Use case or problem
I use Markdown links (no Wikilinks) within my vault. I often create a TOC (Table of Content) to link to specific headings in the same file. I start typing [[
, followed by #
to see a list of headings in that file. These relative links work in general, but there are some cases when they don’t.
For example, if the note headings are:
## Header - Example
### A subtitle?
## Another Topic
### A subtitle
the links I get are:
- [Header - Example](#Header%20-%20Example)
- [A subtitle](#A%20subtitle)
- [Another Topic](#Another%20Topic)
- [A subtitle](#A%20subtitle)
As you can see, level 3 headers use the same anchor! So both links point to the first heading “A subtitle?”.
Proposed solution
Implicit heading id generation: This process defines a unique id for each MD heading that can be used as an anchor for links.
I’ve seen it in multiples places (StackOverflow, GiHub Gist, GitLab, VS Code) a mostly standardized set of rules to create this ids automatically from the heading text.
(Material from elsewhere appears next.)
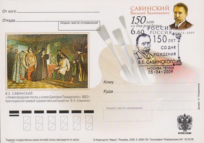 К 5 апреля 2009 года дизайнером А. Поварихиным оформлена карточка с оригинальной маркой № 194/окр-09 «150 лет со дня рождения В.Е. Савинского, живописца, портретиста и педагога».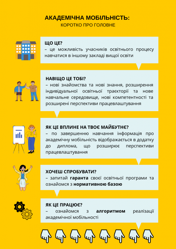АКАДЕМІЧНА МОБІЛЬНІСТЬ – можливість учасників освітнього процесу навчатися, стажуватися чи проводити наукову діяльність в іншому закладі вищої освіти (науковій установі) на території України чи поза її межами.

- punctuation marks will be dropped (Remove anything that is not a letter, number, space or hyphen, like
:
,,
,'
,)
- leading white spaces will be dropped
- upper case will be converted to lower
- spaces between letters will be converted to hyphen
-
- If the same id has already been generated, a hyphen
-
and a unique incrementing number (starting at 1) are appended.
The TOC for the example use case with implicit heading ids should be:
- [Header - Example](#header---example)
- [A subtitle?](#a-subtitle)
- [Another Topic](#another-topic)
- [A subtitle](#a-subtitle-1)
Current workaround (optional)
Renaming them to make each clearly different for Obsidian is an alternative. Nevertheless, I also dislike the %20
replacing every space character. I’d prefer the hyphen because it creates a more readable id.
I can get a TOC with an appropriate and unique id for every heading pasting the full MD content in nGitHubTOC. But Obsidian doesn’t support them (I’ve tried it in VS Code and it worked!).
Check the nGitHubTOC.js file for the implementation.